Lint Status Tests Status contributions welcome

alt text Train a speech-to-speech model using your own language model. Currently based on the Seamless Model, but plan to support more models in the future.

This model is based on speech-to-speech models such as Llama-Omni. However, it aims to take advantage of the joint speech-text embeddings of the Seamless Model.

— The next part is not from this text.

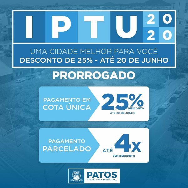 O Diretor da Administração Tributária, Mirellio Almeida, informou que caso o contribuinte esteja com dificuldades no pagamento de seu IPTU, deverá solicitar reemissão do IPTU 2020 através do e-mail: iptu@patos.pb.gov.br ou WhatsApp 83 998007584 com foto do IPTU (legível) e CPF do proprietário para solução do problema.

This code is very much a work in progress. Any and all contributions are welcome!

Why this Library?

This library aims to make speech-to-speech models more compatible with the HuggingFace ecosystem, rather than requiring you to modify your models and datasets to work with a new library. This allows us to take advantage of things like the HuggingFace Trainer.

Getting Started

NOTE For some of the below, you may have to first log in to HuggingFace to gain access to the gated models (especially Llama models).

Running Locally

This code is not yet available via PyPi (I am hesitant to release it without thoroughly testing the code). Thus, to try it locally, please run

git clone https://github.com/johnsutor/llama-jarvis
cd llama-jarvis 
pip install -e . 

Phase One Loss

The example code will return the phase one loss (i.e., when training the first phase of Llama-Omni)

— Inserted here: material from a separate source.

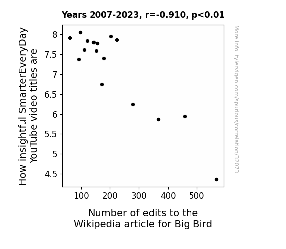 This means 82.9% of the change in the one variable (i.e., Number of edits to the Wikipedia article for Big Bird) is predictable based on the change in the other (i.e., How insightful SmarterEveryDay YouTube video titles are) over the 17 years from 2007 through 2023.
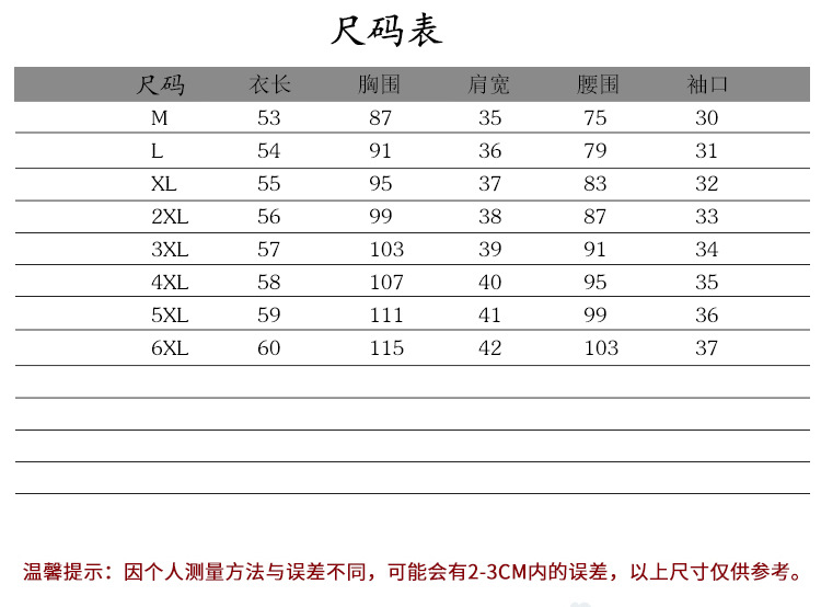 ※以上尺寸为实物人工测量,因测量工具和测量方法不同等因素,会存在1-3cm误差,请根据您平时穿着习惯参考尺码表自主购物。

from llama_jarvis.model import JarvisModel, JarvisConfig, JarvisProcessor

BASE_LLM = "meta-llama/Llama-3.2-1B"
SEAMLESS_MODEL = "facebook/hf-seamless-m4t-medium"
LANGUAGE = "eng"

jarvis_config = JarvisConfig(
    BASE_LLM,
    SEAMLESS_MODEL
)
jarvis_model = JarvisModel(jarvis_config)
jarvis_processor = JarvisProcessor(
    BASE_LLM,
    SEAMLESS_MODEL
)

inputs = processor(
    instruction=["You are a language model who should respond to my speech"],
    text=["What is two plus two?"],
    label=["Two plus two is four"],
    src_lang=LANGUAGE,
    return_tensors="pt",
    padding=True
)

outputs = model.forward(
    **inputs,
    tgt_lang=LANGUAGE
)

print(output.loss)

Phase One Two

The example code will return the phase two loss (i.e., when training the second phase of Llama-Omni)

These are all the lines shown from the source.